Call once per candidate IPA before showing it to the user. On user approval, append the verified IPA to `pronunciation_overrides.csv` — the row's `ipa_source` flips from `magpie_g2p` to `override` on the next manifest generation.

## Synthesis call

Used by Step 2e's full-Cartesian generation. One synthesized WAV per manifest row. `all_overrides` must carry every entry from `pronunciation_overrides.csv` — including context-word overrides like `intravenously` that aren't benchmarked terms themselves — so the renderer wraps any override whose verbatim text appears in the row's sentence. Wrapping only `row['term']` silently drops context-word overrides.

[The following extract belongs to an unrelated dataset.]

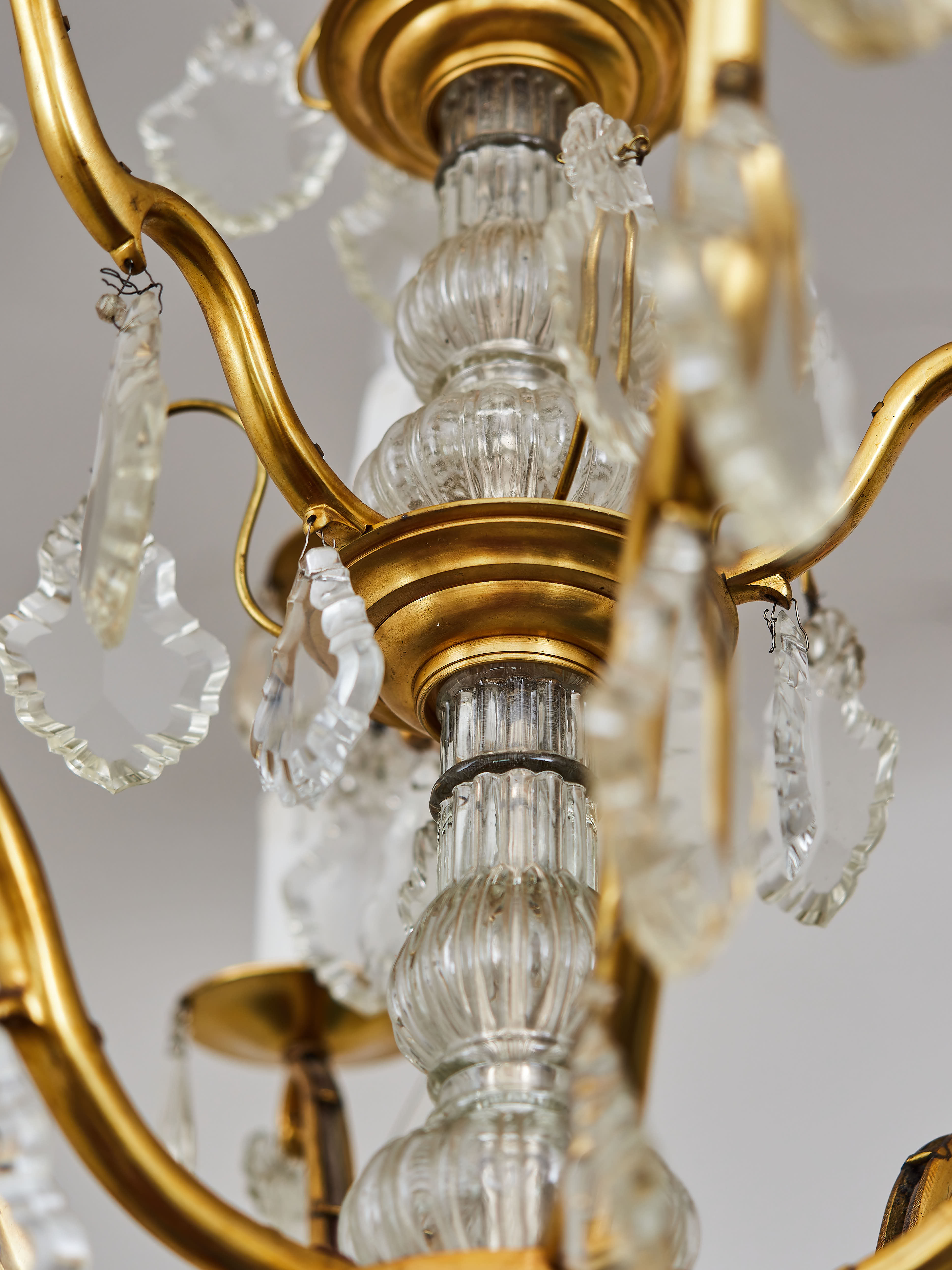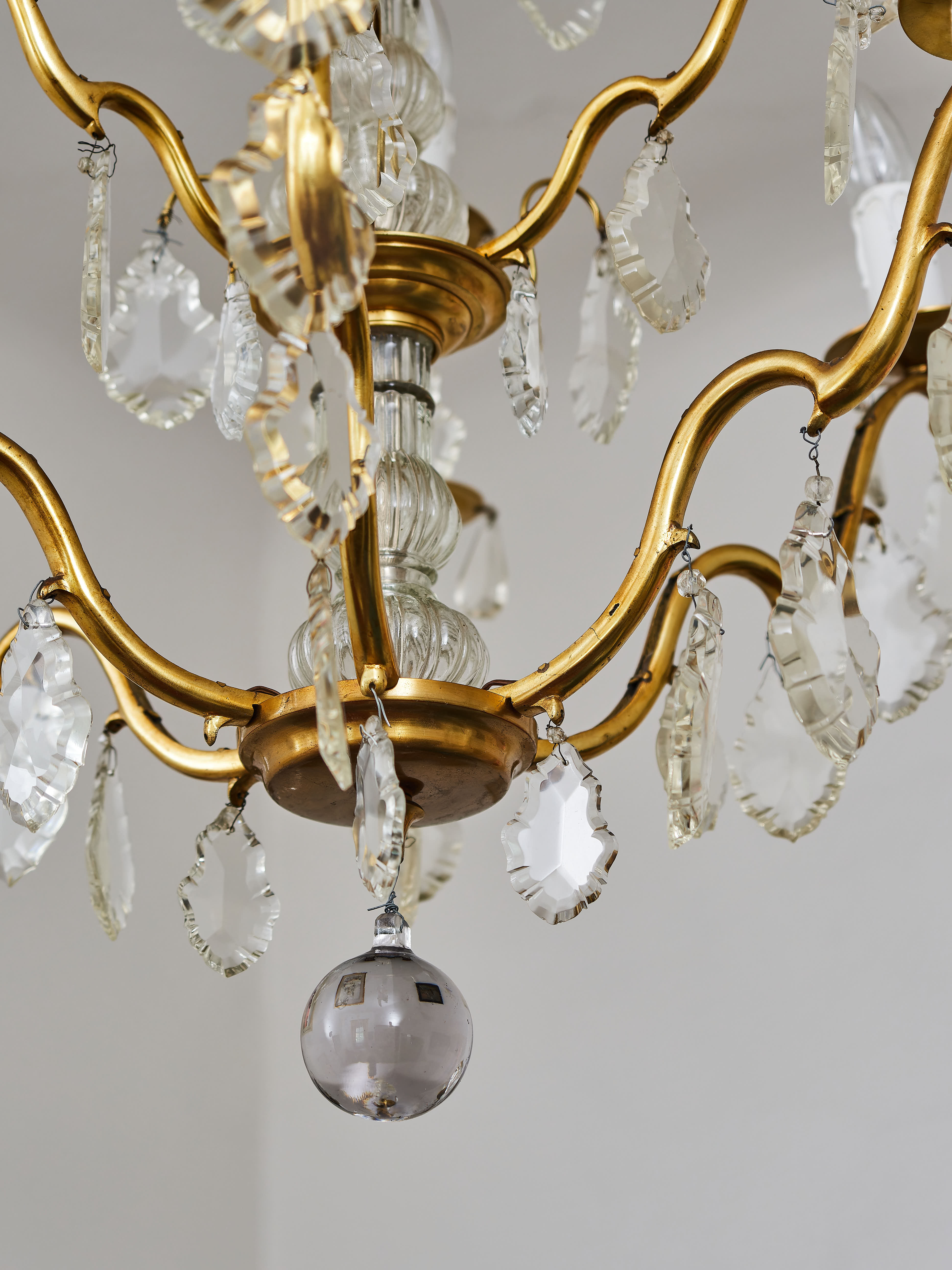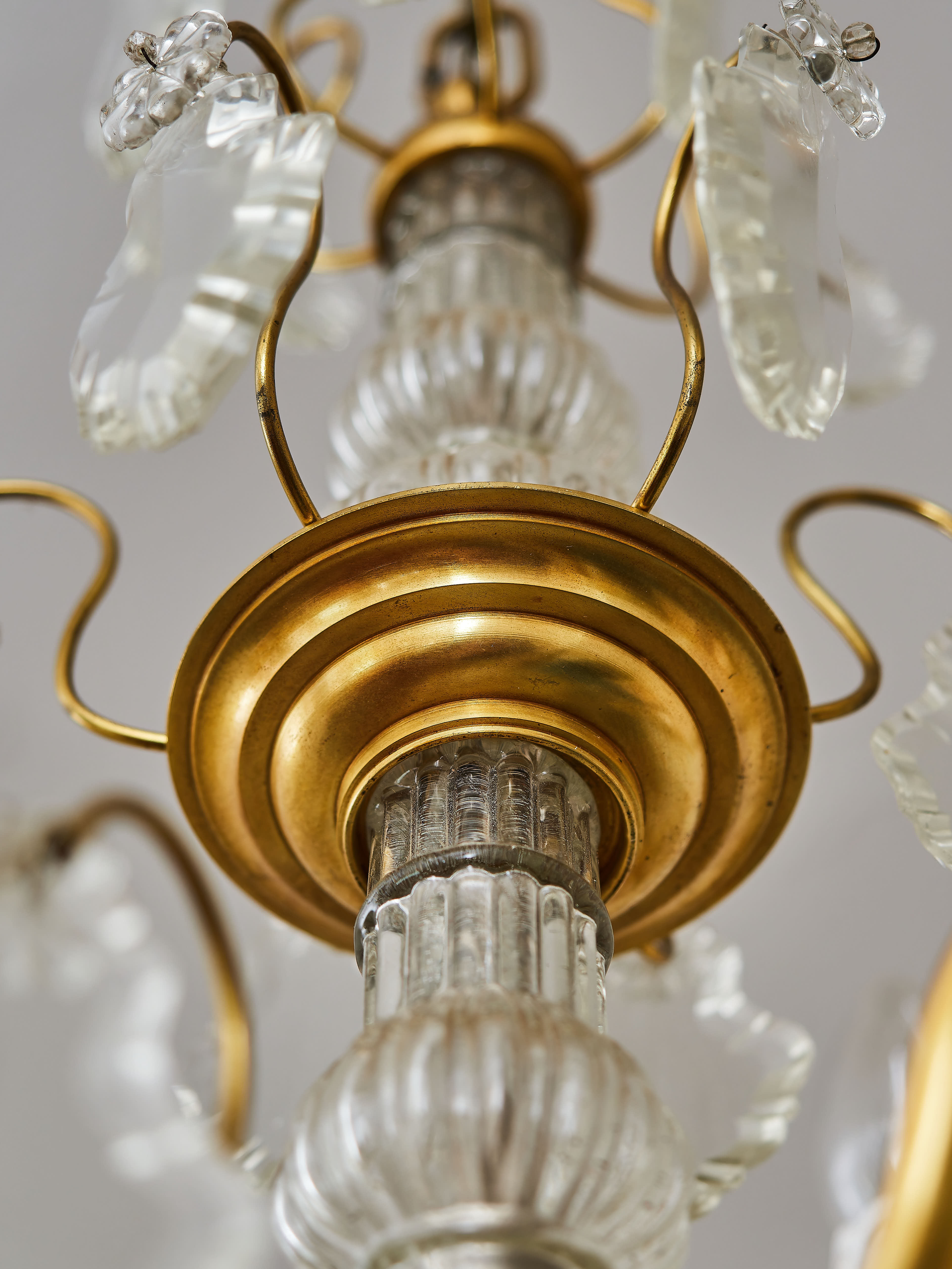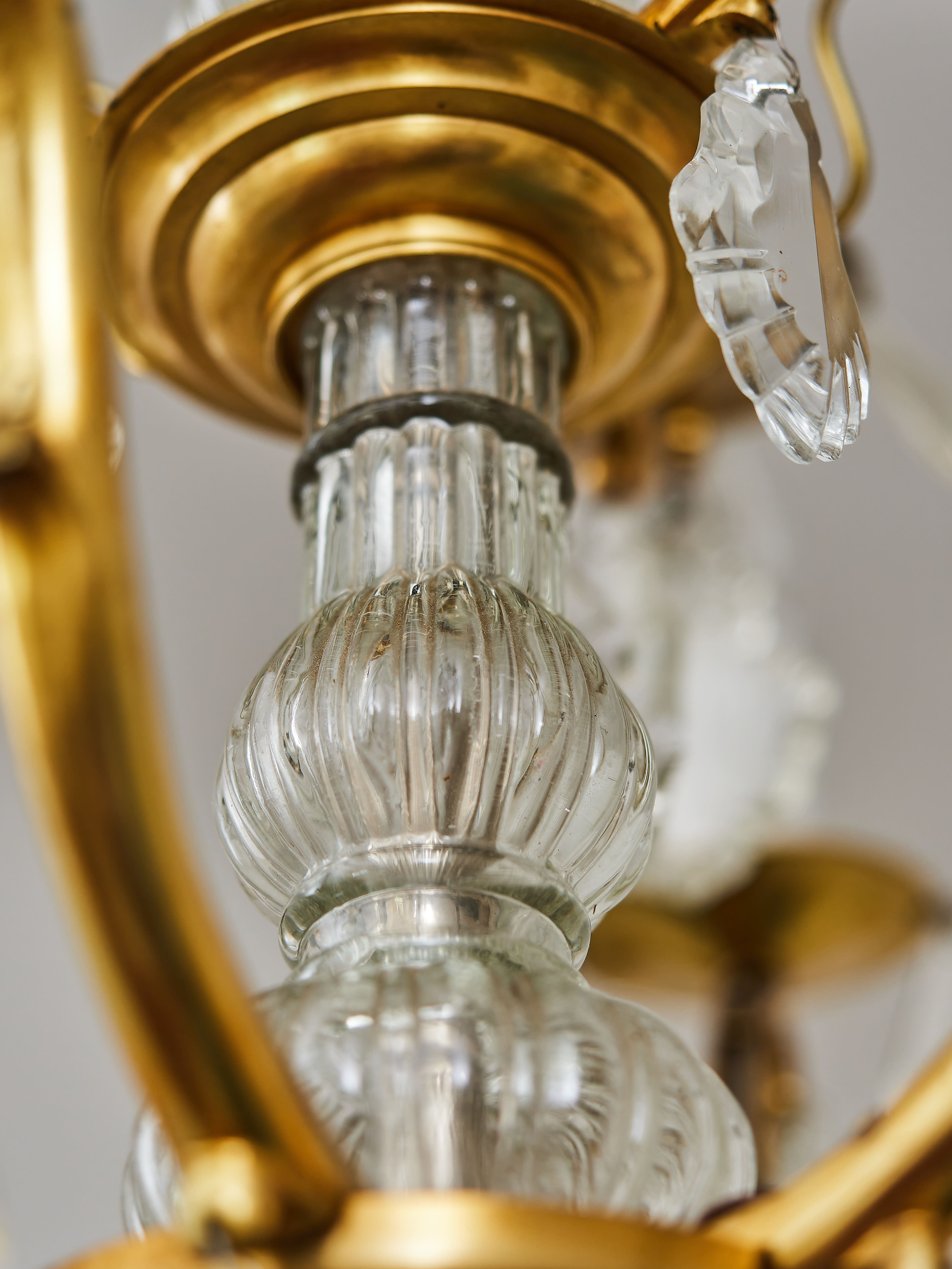 Nádherný lustr v decentním rokokovém stylu Ludvíka XV. Tělo lustru je vyrobeno z leštěné mosazi a zdobené ručně broušenými a leštěnými ověsy z olovnatého křišťálu. Lustr má 6 ramen ve spodní části a 4 ramena ve vrchní části, celkem 10 ramen umožňuje použití i ve větší místnosti. Ramena jsou na klasické svíčkové žárovky s paticí E14 do 40W – vhodné jsou normální, halogenové i led žárovky. Šešule (krytky objímek) imitují stékající vosk na svíčkách.

The row's own MW IPA (when `ipa_source == 'merriam-webster'`) is merged into `all_overrides` for the duration of the call so MW-tagged rows still get their term wrapped. Manual `override` rows are already in the dict by construction.

```python
import re
from pathlib import Path
import riva.client
# Re-use render_sentence_with_overrides from this same file (above).

NVCF_HOST = "grpc.nvcf.nvidia.com:443"
MAGPIE_FUNCTION_ID = "877104f7-e885-42b9-8de8-f6e4c6303969"

def synthesize_row(row: dict, all_overrides: dict[str, str],
                   out_dir: Path, api_key: str) -> Path:
    """Synthesize one manifest row to <out_dir>/audio/<slug>.wav. Returns the path."""
    auth = riva.client.Auth(
        ssl_cert=None, use_ssl=True, uri=NVCF_HOST,
        metadata_args=[
            ["function-id", MAGPIE_FUNCTION_ID],
            ["authorization", f"Bearer {api_key}"],
        ],
    )
    tts = riva.client.SpeechSynthesisService(auth)
    text = row["text"]
    overrides_for_row = dict(all_overrides)
    if row["ipa_source"] == "merriam-webster" and row.get("ipa"):
        overrides_for_row[row["term"]] = row["ipa"]
    if overrides_for_row:
        text = f"<speak>{render_sentence_with_overrides(text, overrides_for_row)}</speak>"
    slug = re.sub(r'[^a-z0-9]+', '_',
                  f"{row['term']}_{row['context_type']}_{row['voice_id']}_{row['noise_level']}".lower())
    audio_path = out_dir / "audio" / f"{slug}.wav"
    audio_path.parent.mkdir(parents=True, exist_ok=True)
    pcm = b"".join(c.audio for c in tts.synthesize_online(
        text=text, voice_name=row["voice_id"],
        language_code="en-US", sample_rate_hz=16000,
    ))
    import wave
    with wave.open(str(audio_path), "wb") as w:
        w.setnchannels(1); w.setsampwidth(2); w.setframerate(16000); w.writeframes(pcm)
    return audio_path
```

## Notes

- MW Medical Dictionary's free tier is 1000 queries/day with a registered API key. Cache successful lookups in `pronunciation_overrides.csv` so re-runs of the build pipeline don't re-query.
- Coverage: MW Medical Dictionary covers most generic drug names, anatomy, and common procedures. Long-tail biologics (`-mab` antibodies, `-mab` checkpoint inhibitors) often miss; those fall through to `magpie_g2p`.
- The mapping table above is sufficient for ~95% of clinical respellings. If a respelling contains a glyph not in the table, the `_respelling_to_ipa` function passes it through unchanged, which will fail Magpie phoneme validation downstream — surface that as a candidate for hand-curation in `pronunciation_overrides.csv`.